The zonal-mean response of the two AGCMs shows suppressed precipitation in the southern tropics and enhanced precipitation in the northern tropics, representing an enhanced ITCZ over the Northern Hemisphere (Fig. 6b, c). These precipitation responses are unlikely driven by the moist convective processes because the response in upper-tropospheric warming is weak (Fig. S6b,c). Moreover, the two AGCMs simulate substantial weakening in the Hadley cell between 10°S and 10°N (Fig. 6b, c), implying weaker atmospheric poleward heat transport in the Northern Hemisphere (Kang et al. 2009; Schneider et al. 2014; Chen et al. 2021). The tropical zonal-mean circulation responses of the two AGCMs are generally consistent with the inter-model regression from the ten CMIP5 models.

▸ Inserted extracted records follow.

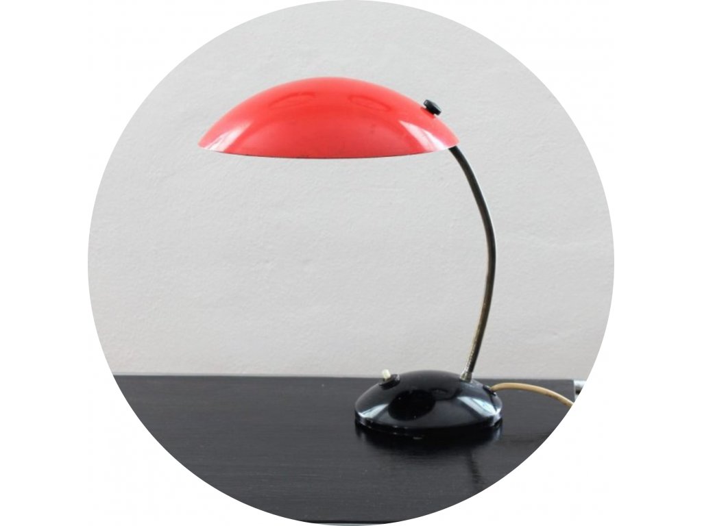 Originální červeno-černá kovová stolní lampička vyrobená v 60. letech společností Drukov. Lampička je v dobrém stavu - viz foto. Kov, plast.
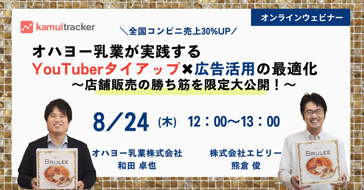 株式会社エビリー(本社:東京都渋谷区、代表取締役社長:中川恵介、以下エビリー)は、オハヨー乳業株式会社(本社:岡山県岡山市、代表取締役社長:野津基弘、以下オハヨー乳業)と共催で、2023年8月24日(木)に「オハヨー乳業が実践するYouTuberタイアップ×広告活用の最適化〜店舗販売の勝ち筋を限定大公開!〜」と題した無料オンラインセミナーを開催いたします。
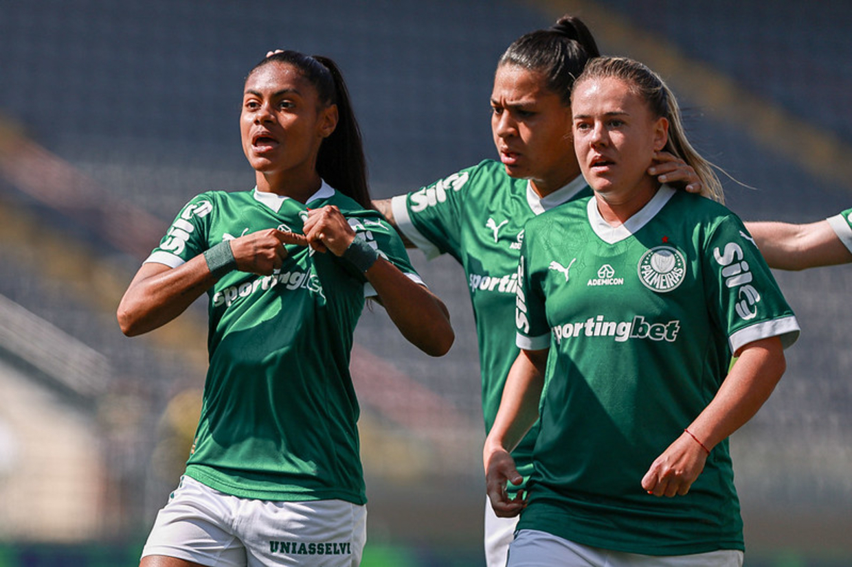 Em uma manhã de golaços em Barueri, o Palmeiras contou com pinturas de {PLAYER_LINK|761344|Tainá Maranhão} e Brena e um gol da artilheira Amanda Gutierres já nos acréscimos para vencer o Flamengo, por 3 a 0, e se garantir nas semifinais do Brasileirão Feminino.
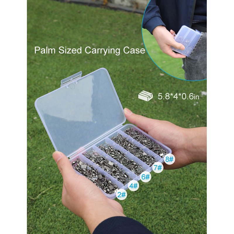 - Portable to Carry: Excellent selection of snap swivels organized in divided plastic box. Palm sized carrying case (5.8x4x0.6inch) enough to fit in bottom of tackle box or pocket.

In mid- and high-latitudes, CAM4 simulates a weak response in Ferrel and Polar cells, where the southern (northern) edge of the Ferrel cell is enhanced (weakened) (Fig. 6b). On the other hand, IFS simulates more substantial weakening in Ferrel and polar cells (Fig. 6c). The center of these responses is located at 45°N and 65°N, respectively (Fig. 6c), which coincides with the two centers of the dipole-like response in the Atlantic (Fig. 5e, f). Therefore, IFS has a stronger response in the zonal-mean circulation than CAM4 and the CMIP5 inter-model difference.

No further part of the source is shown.